> Information:
=== Begin Enclosure ===

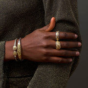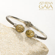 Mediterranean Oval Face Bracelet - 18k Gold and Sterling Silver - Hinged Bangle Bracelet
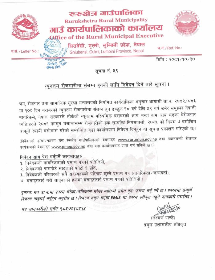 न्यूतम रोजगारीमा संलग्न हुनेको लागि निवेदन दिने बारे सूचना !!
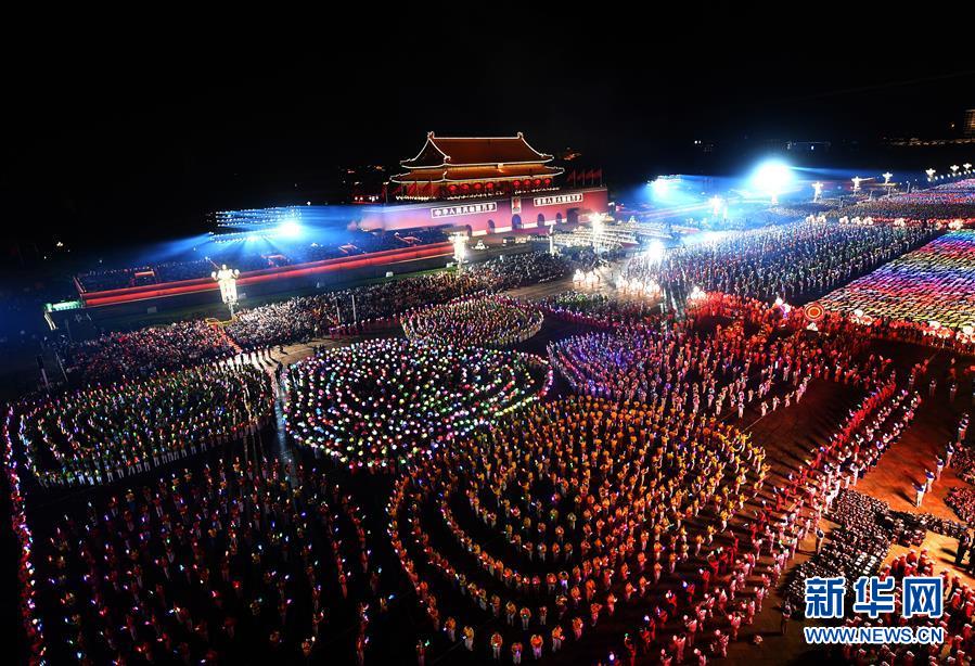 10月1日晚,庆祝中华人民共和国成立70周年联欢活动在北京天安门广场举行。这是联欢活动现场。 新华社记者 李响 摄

=== End Enclosure ===
=== Begin Enclosure ===

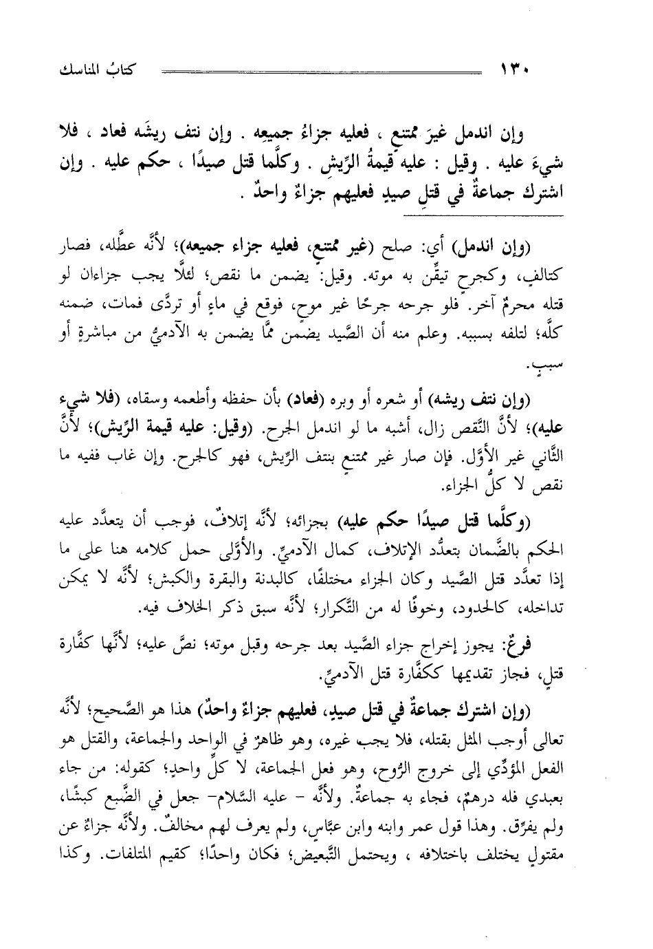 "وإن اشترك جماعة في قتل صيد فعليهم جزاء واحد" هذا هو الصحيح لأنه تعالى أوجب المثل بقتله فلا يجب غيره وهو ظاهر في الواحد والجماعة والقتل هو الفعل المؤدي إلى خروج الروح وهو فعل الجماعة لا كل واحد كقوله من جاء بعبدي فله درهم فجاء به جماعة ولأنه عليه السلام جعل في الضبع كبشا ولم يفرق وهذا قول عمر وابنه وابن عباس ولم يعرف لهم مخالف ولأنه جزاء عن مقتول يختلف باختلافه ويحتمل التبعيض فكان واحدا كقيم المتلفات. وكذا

=== End Enclosure ===
=== Begin Enclosure ===

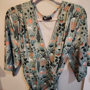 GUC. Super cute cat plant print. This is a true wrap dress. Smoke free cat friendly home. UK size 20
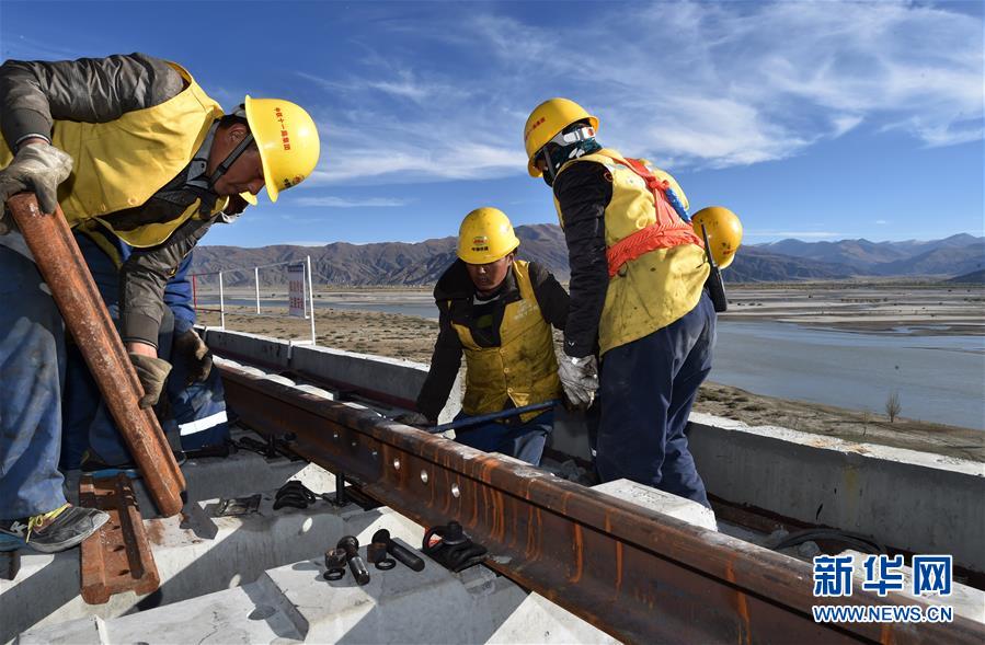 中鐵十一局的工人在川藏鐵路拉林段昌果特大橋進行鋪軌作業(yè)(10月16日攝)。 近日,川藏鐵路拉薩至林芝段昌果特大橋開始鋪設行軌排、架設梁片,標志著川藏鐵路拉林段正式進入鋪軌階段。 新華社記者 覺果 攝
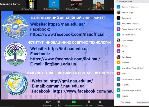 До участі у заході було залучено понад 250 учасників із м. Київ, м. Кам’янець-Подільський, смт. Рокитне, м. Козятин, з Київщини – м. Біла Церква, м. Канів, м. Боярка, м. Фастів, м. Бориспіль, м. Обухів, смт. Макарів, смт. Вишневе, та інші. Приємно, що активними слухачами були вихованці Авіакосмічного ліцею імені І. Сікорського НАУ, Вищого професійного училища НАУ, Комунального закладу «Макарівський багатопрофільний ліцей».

=== End Enclosure ===

> Work item: From the records above, transcribe exactly the lines starting at the one containing "न्यूतम रोजगारीमा संलग्न" and ending at the one containing "10月1日晚,庆祝中华人民共和国成立70周年联欢活动在北京天安门广场举行。这是联欢活动现场。 新华社记者 李响". Skip the pictures.

> Solution to this problem:
 न्यूतम रोजगारीमा संलग्न हुनेको लागि निवेदन दिने बारे सूचना !!
 10月1日晚,庆祝中华人民共和国成立70周年联欢活动在北京天安门广场举行。这是联欢活动现场。 新华社记者 李响 摄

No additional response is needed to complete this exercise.